4.2 Présentation des résultats

4.2.2 Besoins des migrants centraméricains en migration de transit au Mexique

4.2.2.1 Besoins ressentis

Les besoins ressentis, qui s’apparentent notamment aux désirs, aux aspirations et aux motivations, correspondent à la perception qu’ont les migrants de leurs problèmes et de ce qui est requis pour retrouver un état de bien-être. Les besoins ressentis n’incluent pas de demande de services ou d’aide de la part des individus afin de les combler (Bailly et Bernhardt, 2001).
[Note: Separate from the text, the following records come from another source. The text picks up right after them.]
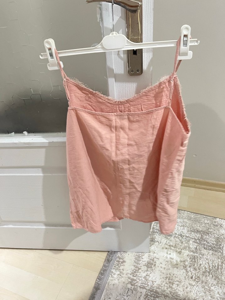 Keten kumaştan yapılmış, pembe pastel renkte, V yakalı ve kolsuz mini bluz. Rahat ve bol kesimiyle günlük kullanıma uygundur.
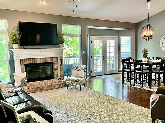 Spacious updated villa that backs to woods in the popular Pine Bluff Villa's Subdivision. This home features approx 2700 sq ft of finished living space. Soaring vaulted ceilings and beautiful hardwood flooring flow throughout the entire main floor living area. The formal dining room opens to the great room that features a gas fireplace, plenty of natural light, and continues into the breakfast nook and updated kitchen with 42"cabinets, granite counters, updated appliances, Blanco sink, and custom faucet. The large primary suite is bright and inviting, with a full bathroom and large walk-in closet. A guest room and updated guest bath complete the main floor. Once you descend the stairs to the lower level, you'll find a large family room perfect for entertaining, a gas fireplace, full bathroom, play room, and 3rd bedroom. The abundance of windows and the walkout provide plenty of natural light. Enjoy privacy and views of wildlife from the deck. Great location, close to major interstates. Being sold by owner/agent.
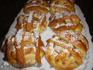Hozzávalók: 50 dkg liszt csipet só 1 tasak instant élesztő 3 tojássárgája 4 ek cukor langyos tej (amennyit felvesz) 5 dkg olvasztott vaj 4 alma 1 citrom őrölt fahéj 2 ek kristálycukor 1 tojás a kenéshez Tetejére: fahéjas porcukor Elkészítése: A hozzávalókból könnyen gyúrható tésztát készítek. Ezután olvasztott vajjal meglocsolom, és konyharuhával letakarva langyos helyen […]
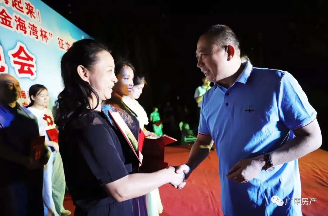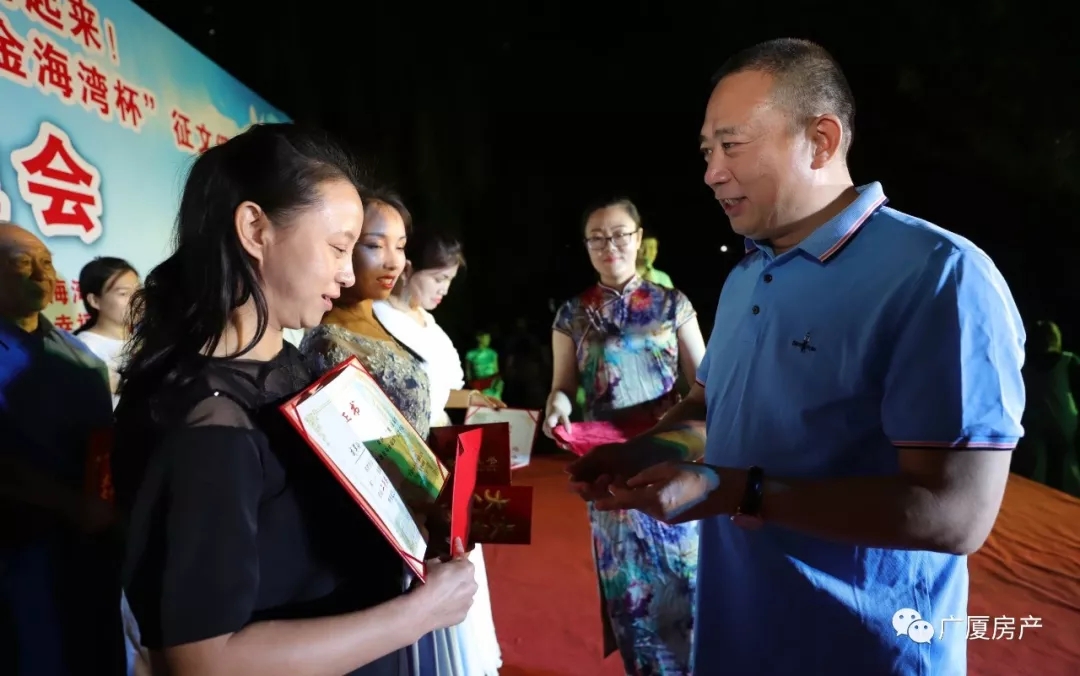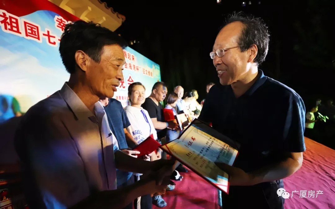 安邑街道黨工委委員、辦事處副主任郭保全先生、廣廈房產(chǎn)公司董事長李建民為獲得特等獎、一等獎、二等獎人員頒獎
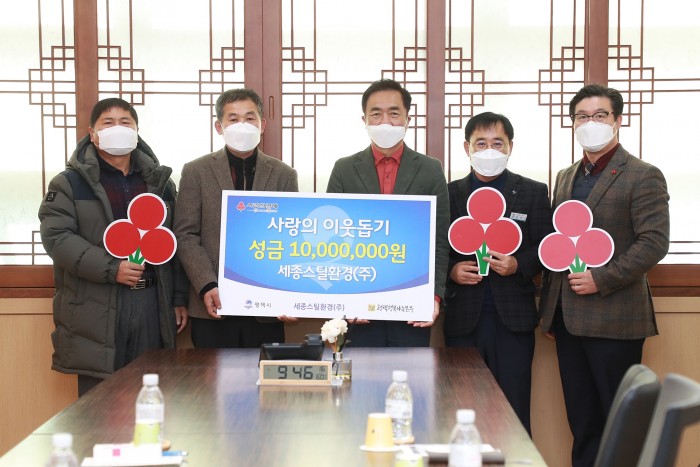 세종스틸환경(주), 사랑의 이웃돕기 성금 전달 페이지 정보 작성자 행복나눔 작성일21-01-05 10:35 조회476회 댓글0건 관련링크 이전글 다음글 목록 본문 일시 : 2020년 12월 17일(목) 09:30장소 : 평택시청 2층 대외협력실내용 : 세종스틸환경(주)에서는 17일 평택시에 사랑의 이웃돕기 성금 천만원을 전달하였다. 성금은 지역사회 어려운 이웃을 위해 소중히 사용될 예정이다. 댓글목록 등록된 댓글이 없습니다. 이전글 다음글 목록

L’analyse du discours des participants à l’étude a permis de relever quatre types de besoins ressentis par les migrants centraméricains en migration de transit au Mexique. Le besoin d’améliorer les conditions socioéconomiques de la famille ainsi que le besoin de protection et de sécurité ont été mentionnés par la grande majorité des participants, alors que le besoin

d’accomplissement de soi et le besoin de réunification familiale ont été mentionnés par une minorité de participants.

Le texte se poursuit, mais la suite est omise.